Records from a data source:
□ □ □ □ □

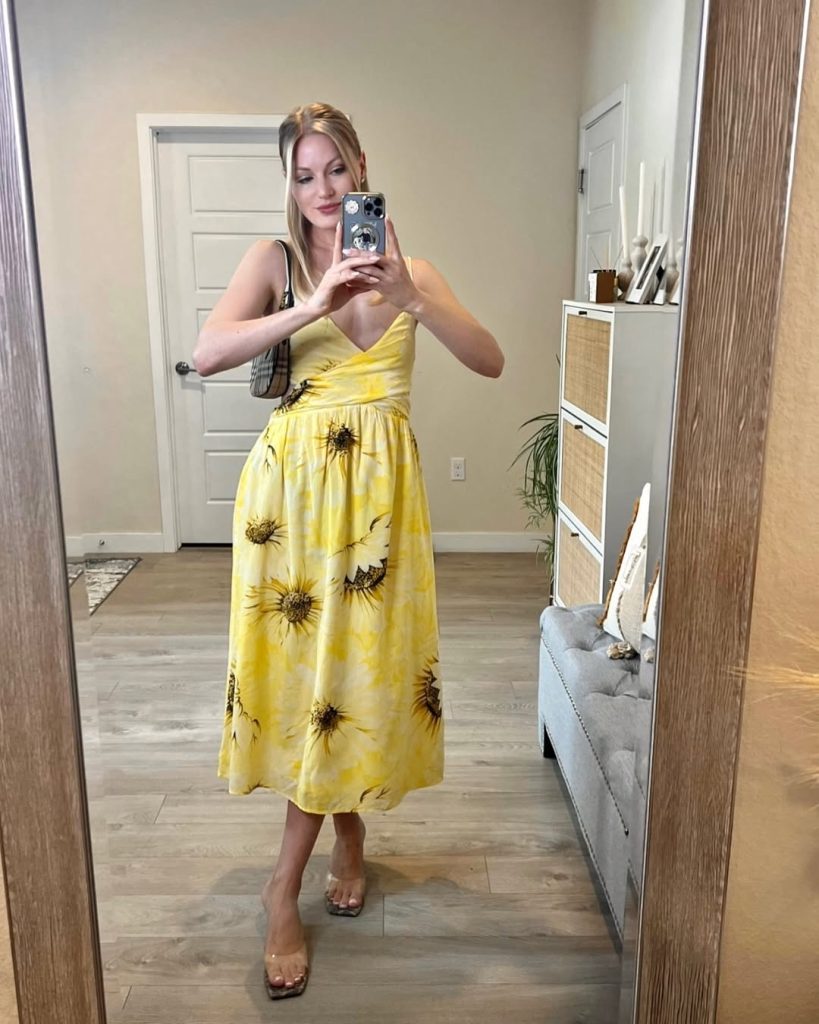 Color takes center stage in Picnic outfits 2026 trends, and this dress proves it. Yellow photographs beautifully against green grass and wooden picnic tables, which is probably why stylists at Who What Wear keep forecasting it as a warm-weather staple. To ground the look, you might add a light denim jacket or cropped cardigan in cream. Avoid heavy, dark accessories—they pull focus from the dress’s glow. This is a great choice for a picnic that might turn into dinner, especially if you’re celebrating a birthday or special occasion.
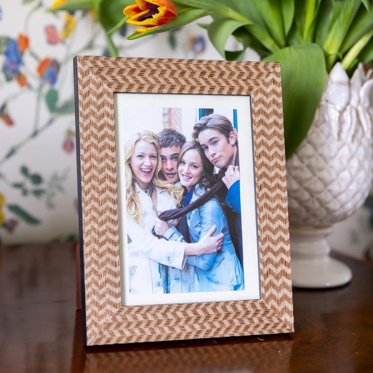I really like this brownie Maquetry pattern, as it adds a subtle texture and visual interest without overpowering the photo it displays. It works particularly well in eclectic or mid-century styled interiors where a hint of pattern adds warmth and personality. To style it effectively, consider pairing it with monochrome or neutral-toned accessories to let the frame stand out, and place it on a clutter-free shelf or sideboard for a polished look. Its medium size makes it adaptable for both tabletops and wall-mounted arrangements, making it a versatile option for personalising spaces with photos or artwork.
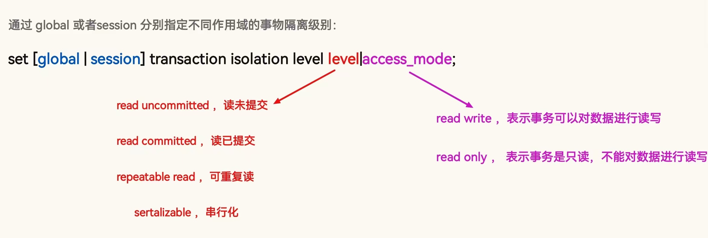 设置事务的隔离级别 level 和访问模式 access_mode,可以使用以下语法:
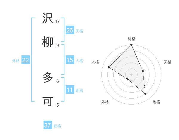 沢柳 多可さんの総格は37画の5点!
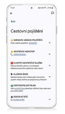 If your phone does not allow you to save a digital travel insurance card to your phone or you simply do not want one, don't worry. The insurance remains the travel contract from the travel agency or the insurance contract if you have arranged the insurance directly from ERGO Cestovní Pojišťovna.

□ □ □ □ □

● **THE PROBLEM**: In the records, the line containing "沢柳 多可さんの総格は37画の5点!" starts the span and the final line ends it. Output exactly that span, both ends included, with no pictures and nothing else.

● **FINISHED TASK**:
 沢柳 多可さんの総格は37画の5点!
 If your phone does not allow you to save a digital travel insurance card to your phone or you simply do not want one, don't worry. The insurance remains the travel contract from the travel agency or the insurance contract if you have arranged the insurance directly from ERGO Cestovní Pojišťovna.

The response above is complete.